OpenTelemetry Series | Mysterious Collector - Opentelemetry Collector

foreword

In the last chapter, we mainly introduced some data generation methods of the OpenTelemetry client, but the data of the client must eventually be sent to the server for unified collection and integration, so that we can see the complete call chain, metrics and other information. Therefore, in this chapter, we will mainly introduce the collection capabilities of the server.

Client data reporting

The client will generate call chains, metrics, logs and other information according to certain rules, and then push them to the remote server. Generally speaking, OpenTelemetry's server-client request protocol standards for data transfer are Http and Grpc protocols, and the implementation of these two data protocols should be included in the sdk of each language and the server-side implementation.

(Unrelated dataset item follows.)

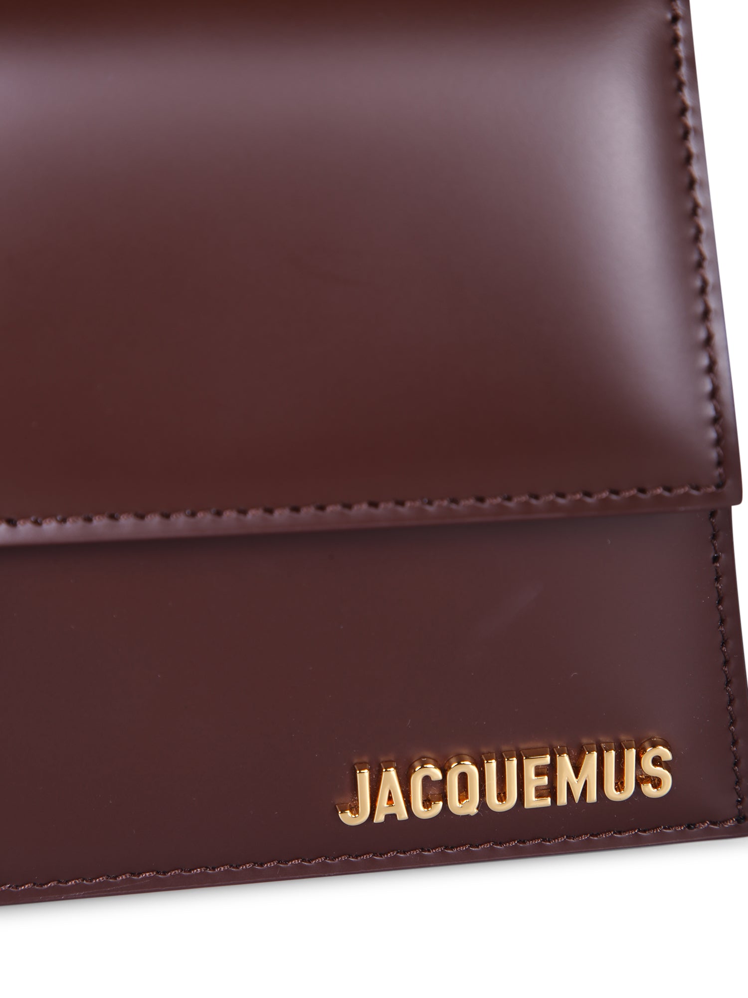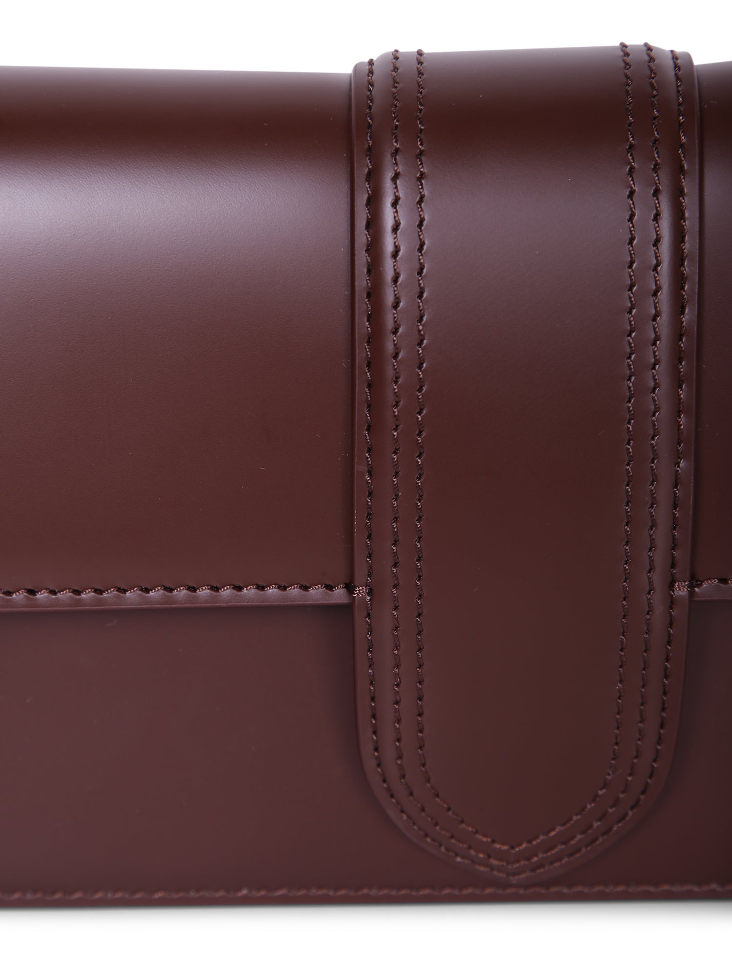 Structured leather bag. Lid closure with buckle. Long and thin shoulder strap.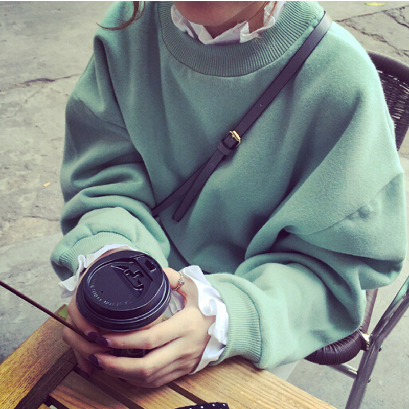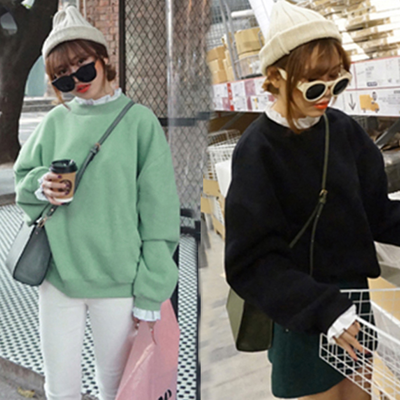 衛衣女套頭秋冬裝韓版寬松花瓣領拼接純色T恤女學生長袖外套上衣

According to common sense, the amount of data such as the call chain is huge, so there will be some operation options similar to Batch on the client side. This option will integrate multiple Span information together and send them together to reduce the loss on the network side. .

We will collectively call this kind of data reporting by the client as export, and at the same time, the components that implement these reports are collectively called exporters. exporters will contain different data protocols and formats, the default format is OTLP.

OTLP

OTLP refers to OpenTelemetry Protocol, which is the OpenTelemetry data protocol. The OTLP specification stipulates the encoding, transmission and delivery of telemetry data between the client and the service collection end.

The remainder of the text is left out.